▶ **Assigned task**: When writing out the entries below, keep only the lines from the line with "Czekolada brązowy Christmas" to the line with "Las Sillas de", both included, exactly as they are, and leave the pictures aside.
----- Given data
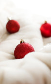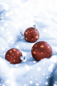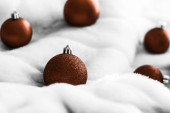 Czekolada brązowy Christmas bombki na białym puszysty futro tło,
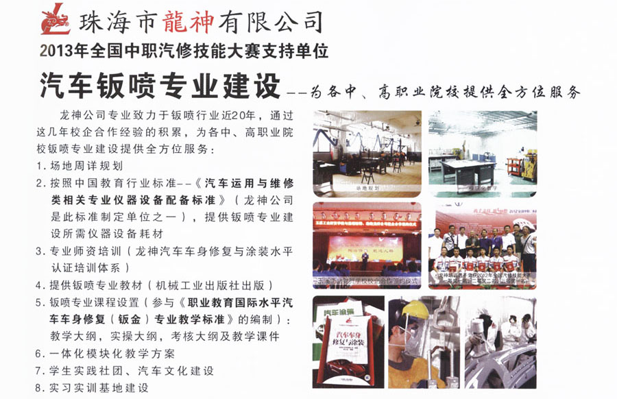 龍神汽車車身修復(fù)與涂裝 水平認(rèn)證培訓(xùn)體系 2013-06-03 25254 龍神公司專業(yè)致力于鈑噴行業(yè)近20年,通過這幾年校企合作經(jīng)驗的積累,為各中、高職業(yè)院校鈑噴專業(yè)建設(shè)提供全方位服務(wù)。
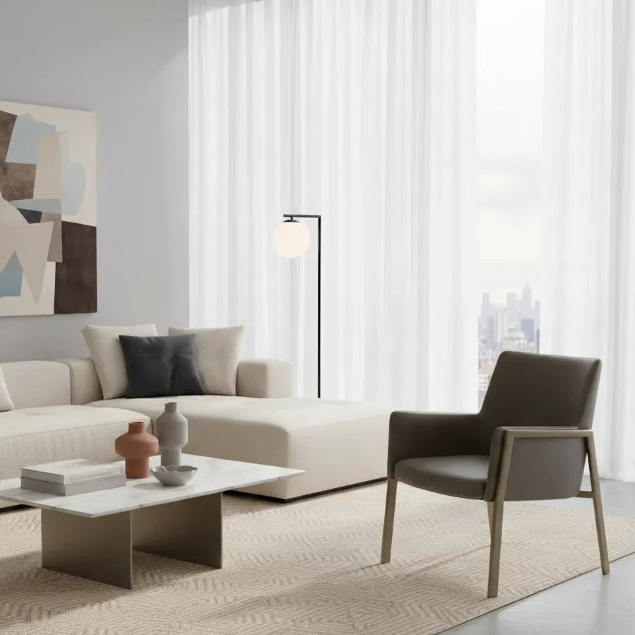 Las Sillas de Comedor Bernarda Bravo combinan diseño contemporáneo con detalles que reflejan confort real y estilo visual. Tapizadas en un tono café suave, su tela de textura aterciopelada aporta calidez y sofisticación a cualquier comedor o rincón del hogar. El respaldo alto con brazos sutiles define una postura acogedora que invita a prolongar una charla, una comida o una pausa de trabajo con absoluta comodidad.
----------
----- Given data
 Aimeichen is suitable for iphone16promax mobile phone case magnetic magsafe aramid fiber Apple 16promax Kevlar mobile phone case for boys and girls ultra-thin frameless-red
----------
----- Given data
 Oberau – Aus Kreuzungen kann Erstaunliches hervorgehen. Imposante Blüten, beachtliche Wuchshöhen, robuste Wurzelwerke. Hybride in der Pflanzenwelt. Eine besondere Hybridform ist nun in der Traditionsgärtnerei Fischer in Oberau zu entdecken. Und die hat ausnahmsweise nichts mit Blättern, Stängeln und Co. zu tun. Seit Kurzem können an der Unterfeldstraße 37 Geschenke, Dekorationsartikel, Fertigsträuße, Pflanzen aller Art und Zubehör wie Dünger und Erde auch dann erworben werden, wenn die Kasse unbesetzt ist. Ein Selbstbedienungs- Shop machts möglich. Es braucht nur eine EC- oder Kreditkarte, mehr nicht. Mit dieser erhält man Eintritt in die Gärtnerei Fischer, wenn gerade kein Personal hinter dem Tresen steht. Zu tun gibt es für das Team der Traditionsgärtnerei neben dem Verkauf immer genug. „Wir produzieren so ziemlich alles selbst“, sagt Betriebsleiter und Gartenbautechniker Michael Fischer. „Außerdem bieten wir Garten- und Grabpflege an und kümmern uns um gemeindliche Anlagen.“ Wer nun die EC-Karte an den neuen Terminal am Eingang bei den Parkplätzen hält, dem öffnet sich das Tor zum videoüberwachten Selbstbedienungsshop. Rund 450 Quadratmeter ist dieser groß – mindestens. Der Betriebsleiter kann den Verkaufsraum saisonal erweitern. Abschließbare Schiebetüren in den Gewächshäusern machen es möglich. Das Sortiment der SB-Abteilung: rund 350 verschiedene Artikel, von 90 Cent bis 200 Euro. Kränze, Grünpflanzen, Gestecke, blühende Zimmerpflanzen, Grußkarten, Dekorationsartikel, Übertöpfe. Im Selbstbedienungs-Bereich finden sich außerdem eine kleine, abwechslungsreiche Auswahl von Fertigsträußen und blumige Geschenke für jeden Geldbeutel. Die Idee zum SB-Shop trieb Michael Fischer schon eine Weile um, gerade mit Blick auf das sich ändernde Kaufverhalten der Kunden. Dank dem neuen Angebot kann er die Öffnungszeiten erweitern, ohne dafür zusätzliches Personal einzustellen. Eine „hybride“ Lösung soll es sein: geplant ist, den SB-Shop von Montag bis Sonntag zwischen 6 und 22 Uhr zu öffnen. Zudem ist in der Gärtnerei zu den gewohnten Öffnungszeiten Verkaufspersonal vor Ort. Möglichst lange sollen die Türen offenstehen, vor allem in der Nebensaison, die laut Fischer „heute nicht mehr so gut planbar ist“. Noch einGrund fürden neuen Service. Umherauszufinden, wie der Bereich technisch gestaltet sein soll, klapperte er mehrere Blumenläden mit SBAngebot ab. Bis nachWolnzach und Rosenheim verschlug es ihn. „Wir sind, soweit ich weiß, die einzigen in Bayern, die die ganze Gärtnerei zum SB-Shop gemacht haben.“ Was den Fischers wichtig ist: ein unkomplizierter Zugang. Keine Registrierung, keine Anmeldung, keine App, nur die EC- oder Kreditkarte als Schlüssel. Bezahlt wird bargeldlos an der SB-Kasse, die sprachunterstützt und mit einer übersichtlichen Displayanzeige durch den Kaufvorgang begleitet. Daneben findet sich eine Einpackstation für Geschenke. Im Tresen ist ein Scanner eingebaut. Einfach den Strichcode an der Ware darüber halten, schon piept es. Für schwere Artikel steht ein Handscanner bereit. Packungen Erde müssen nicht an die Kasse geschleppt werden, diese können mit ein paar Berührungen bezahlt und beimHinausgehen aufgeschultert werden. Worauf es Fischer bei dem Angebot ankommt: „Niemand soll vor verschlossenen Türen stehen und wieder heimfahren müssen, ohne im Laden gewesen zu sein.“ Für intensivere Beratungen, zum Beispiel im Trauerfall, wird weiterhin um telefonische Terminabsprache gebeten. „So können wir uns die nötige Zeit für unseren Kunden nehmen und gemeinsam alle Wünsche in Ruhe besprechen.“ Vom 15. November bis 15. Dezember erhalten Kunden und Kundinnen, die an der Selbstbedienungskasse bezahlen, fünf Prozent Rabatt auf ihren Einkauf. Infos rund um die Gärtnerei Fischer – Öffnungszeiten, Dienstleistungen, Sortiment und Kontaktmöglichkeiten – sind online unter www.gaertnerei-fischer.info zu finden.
----------
▶ **Response for this exercise**:
 Czekolada brązowy Christmas bombki na białym puszysty futro tło,
 龍神汽車車身修復(fù)與涂裝 水平認(rèn)證培訓(xùn)體系 2013-06-03 25254 龍神公司專業(yè)致力于鈑噴行業(yè)近20年,通過這幾年校企合作經(jīng)驗的積累,為各中、高職業(yè)院校鈑噴專業(yè)建設(shè)提供全方位服務(wù)。
 Las Sillas de Comedor Bernarda Bravo combinan diseño contemporáneo con detalles que reflejan confort real y estilo visual. Tapizadas en un tono café suave, su tela de textura aterciopelada aporta calidez y sofisticación a cualquier comedor o rincón del hogar. El respaldo alto con brazos sutiles define una postura acogedora que invita a prolongar una charla, una comida o una pausa de trabajo con absoluta comodidad.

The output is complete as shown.